Saturday, May 18, 2024

When All You Have Is A Hammer, Everything Looks Like A Constitutional Nail

The great mustachioed philosopher Burt Reynolds once explained, “When you tell somebody somethin’, it depends on what part of the country you’re standin’ in, as to just how dumb you are.”  That’s the kind of simple wisdom that will almost always make Jerry Reed sing about you.

That said, ignorance is not only defined and constrained by geography; you could just as accurately say that how dumb a person’s statement is depends on who they are speaking to and the context of their remarks.

For example, if I were sitting at a bar with some random political bloggers, I could probably opine on m-theory or the legacy of Karch Kiraly with some authority.  I’m no expert on either, but I am loosely familiar with both.[foot]Because, above all else, I’m a huge nerd. Never forget that.[/foot] Replace those other political bloggers with theoretical physicists who play professional volleyball, however, and my contributions to the discussion would be much less insightful or helpful, and I would certainly run the risk of saying something so incorrect that the people who actually knew better would immediately realize my relative ignorance.

Which brings me to Rep. Kim Hammer (R-Benton).[foot]Who is neither a volleyball-playing theoretical physicist, nor (as is important to this post) a lawyer.[/foot]

Speaking from the House well today in support of Sen. Bart Hester’s pro-discrimination bill SB 202, Rep. Hammer offered the following constitutional analysis of the bill:

I’m coming to speak in favor of the bill on one point that hopefully a question might be answered.  There seems to be a little bit of controversy as far as, constitutionally, whether this bill upholds to the mustard [sic] test.  I believe I remember sitting in a committee meeting and listening the other day that this bill has been upheld by the Tennessee Supreme Court. […] It just seems to me that, if one supreme court of the land has already upheld the framework of this, that it makes it constitutional. I’d be able to vote for this and uphold my constitutional values and can do it with a clear conscience.

Last things first, yes, he said “upholds to the mustard test.” After listening four times, I’m certain of it.  But even if he had managed to say “muster” instead of “mustard,” that phrase would still be nonsensical.  Something passes a test; it doesn’t “uphold to” a test.  And maybe it’s just me, but when a person does not even know the terminology for discussing constitutionality, perhaps that person has no business opining on such things.[foot]This is doubly true where the person is confusing condiments with jurisprudential phrases.[/foot]

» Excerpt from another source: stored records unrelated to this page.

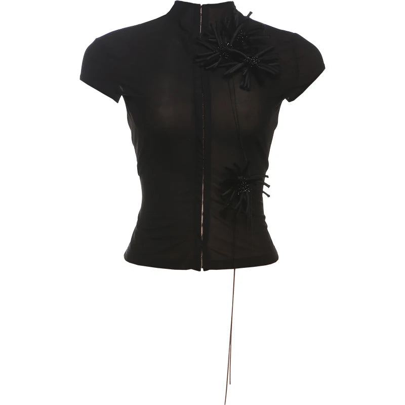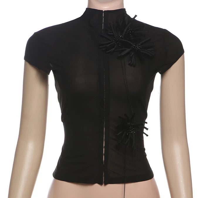 Experience the sheer elegance of our Howling Shadows Crop Top! Made with a blend of polyester and spandex, this see-through top is perfect for a night out. Embrace your inner fashionista and turn heads with every step!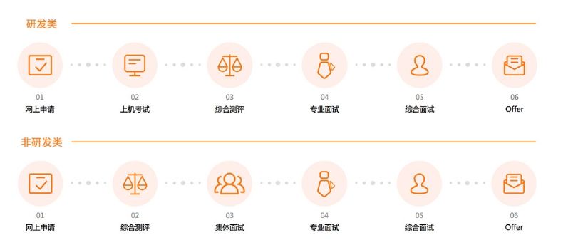 简历筛选--在线笔试--小组面试--HR面试--专业面试--在线测评--管理者面试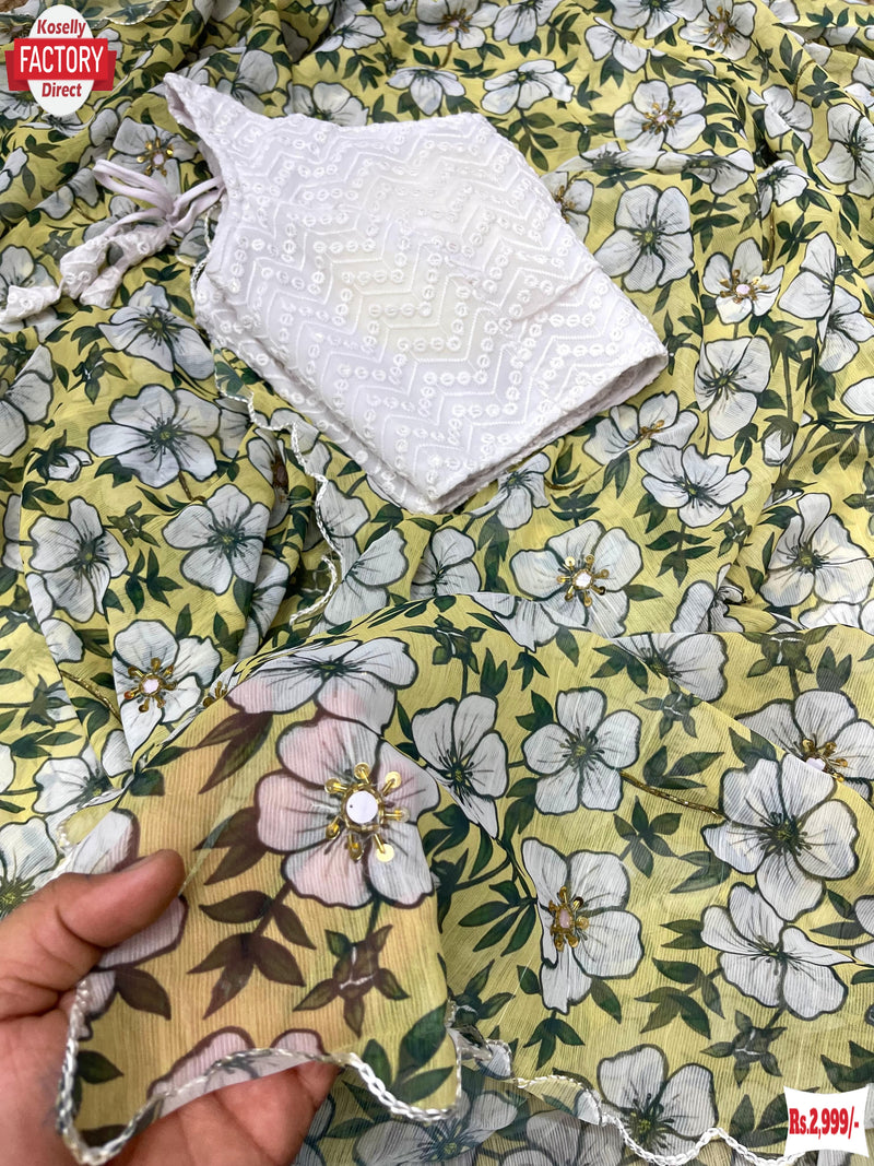 Get ready to turn heads at any party with our Pure Soft Chiffon Silk Partywear Saree. Made from pure soft chiffon silk, this saree features stunning floral prints and intricate khatli buttis all over, adorned with beautiful handwork. Make a statement with the paired fully stiched worked blouse. Elevate your party look with this elegant saree!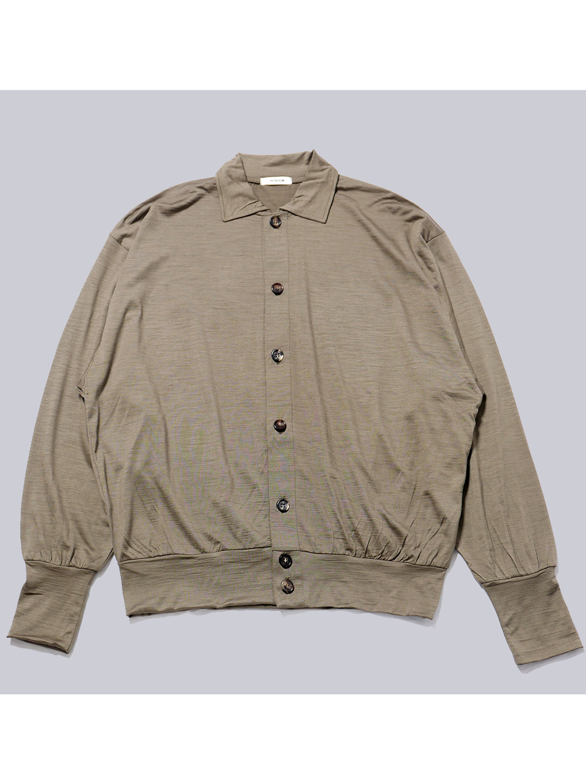 원단은 엑스트라 파인 메리노울 48수 단사로 짜낸 오리지널 울 저지입니다. 생지 단계에서부터 자연스러운 윤기를 지니며, 마무리 과정에서 특수 가공을 더해 한층 매끄럽고 은은한 광택, 그리고 아름다운 드레이프감을 구현했습니다.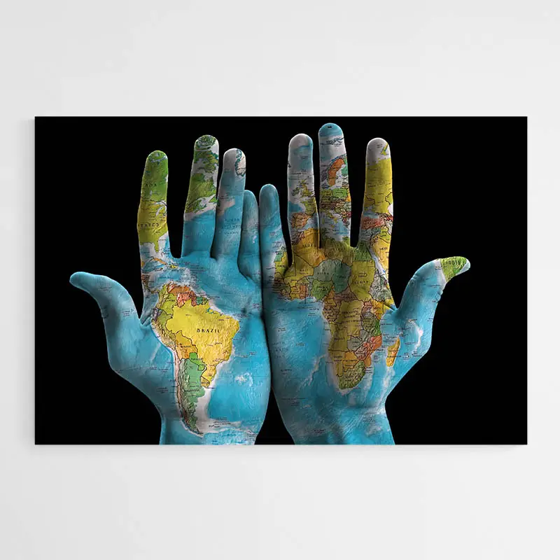 Tableau Main avec Carte du Monde, un motif qui invite au voyage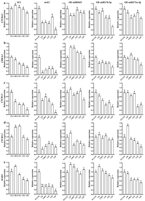 The effect of miRNAs targeting and regulating AtMSH2 on cell cycle regulation under Cd stress. The relative expression levels of AtCYCD4;1 (a), AtCDKA;1 (b), AtCYCB1;1 (c), AtCYCB1;2 (d), and AtMAD2 (e) in the WT, Atmsh2, OE-miR5651, OE-miR170-3p, and OE-miR171a-3p plant roots under Cd stress. The gene expression levels in the control (WT-CK) were set to 1 as the normalization for qRT-PCR analysis using the operational formula 2−ΔΔCt. Data are shown as mean ± SD of three independent experiments, and each biological replicate with three technical assays. Different letters indicate statistically significant differences between treatments at p < 0.05 by one-way ANOVA with Tukey’s test.
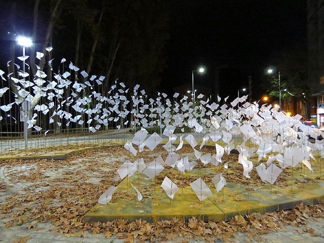 Una nebulosa de reflexes i llum que es materialitza mitjançant un entramat de papers blancs translúcids que vola i s’eleva gràcies a un conjunt de varetes de diferents alçades ancorades a planxes trapezoïdals de ferro col·locades radialment. Aquesta disposició radial del conjunt dintre de la rotonda dóna dinamisme a la intervenció i genera un punt de sorpresa tant per l’espectador del cotxe com per el vianant.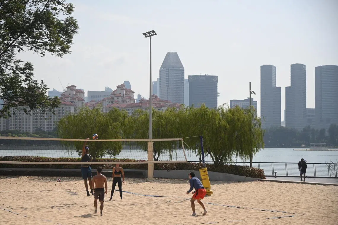 People playing beach volleyball outside the Singapore Sports Hub at around 3.30pm on Oct 8 as the air quality returned to healthy levels.
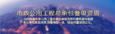 | 服務項目:建筑工程 市政工程 鋼結構工程 照明工程 園林綠化工程 土石方工程 機電設備安裝工程 建筑智能化工程 污水處理工程 裝飾裝修工程 |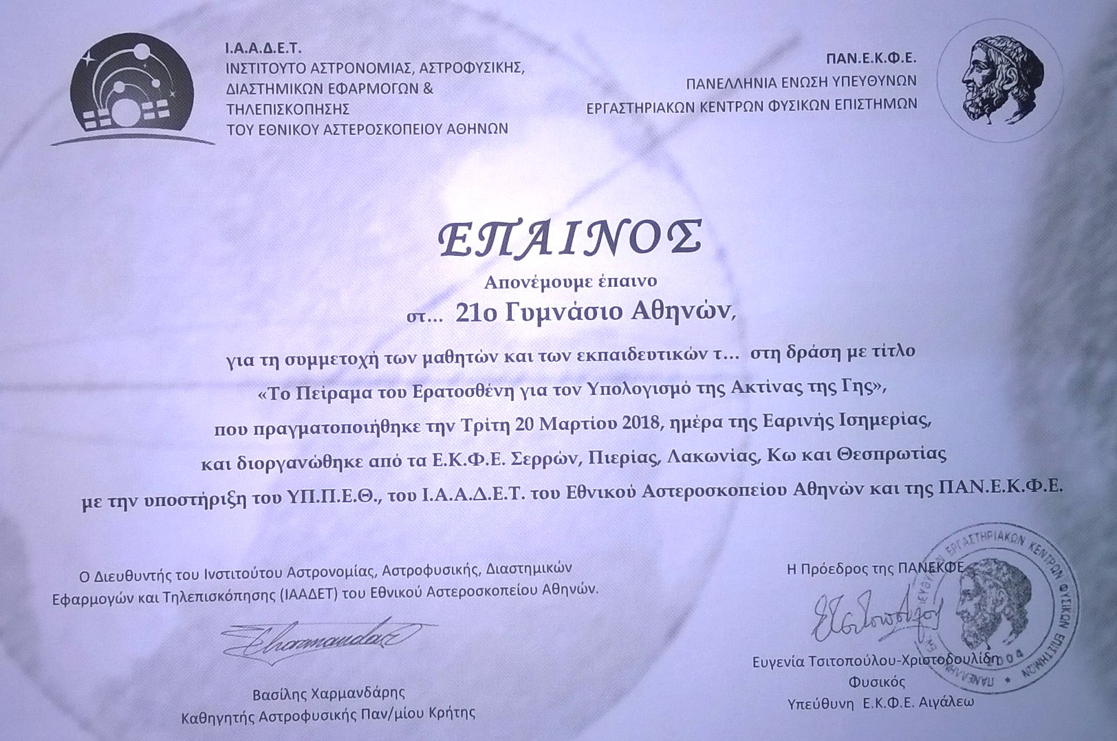 (φέτος 20/3/20 στις 12:33) το πείραμα του Ερατοσθένη.

Secondly, the case to which Rep. Hammer is referring — Lisa Howe, et al., v. Bill Haslam — was not decided by the Tennessee Supreme Court.  It was decided by the Tennessee Court of Appeals.  So, no, the “supreme court of the land” of Tennessee did not hold anything in this instance, and Rep. Hammer’s reliance on that as proof of constitutionality is misplaced.

Most importantly, however, even the Tennessee Court of Appeals did not uphold the Tennessee version of this law.  The opinion, which I am beginning to suspect Rep. Hammer did not actually read, states:

First, although Appellants devote a considerable portion of the argument section of their brief to their argument that the provisions of HB600 violate equal protection guarantees, neither the merits nor constitutionality of HB600 are now before this Court. The only question now before us is whether any Appellant has demonstrated a distinct, palpable injury in-fact sufficient to confer standing to bring this action.

Ultimately, the court dismissed the appeal because they agreed with the trial court that the named plaintiffs did not have standing to bring the suit in the first place, as none of them had asserted a discrete, concrete injury or harm caused by the statute.  The discussion of the scope of the Tennessee statute, in addition to being prefaced with a reminder that they were not discussing constitutionality, was solely to demonstrate that the specific plaintiffs in that suit did not have standing.  That’s it.

Saying that the Tennessee Court of Appeals “upheld” the statute in those circumstances is incorrect, no matter who you say it to.  Saying it to all of the members of the House of Representatives as a key portion of your preemptive answer to a question about constitutionality? That’s a special kind of ignorant.

Or, to borrow from another classic of American film:

Maybe Rep. Hammer would have fared better if the question had been about Burning Dog Poo & The Human Response.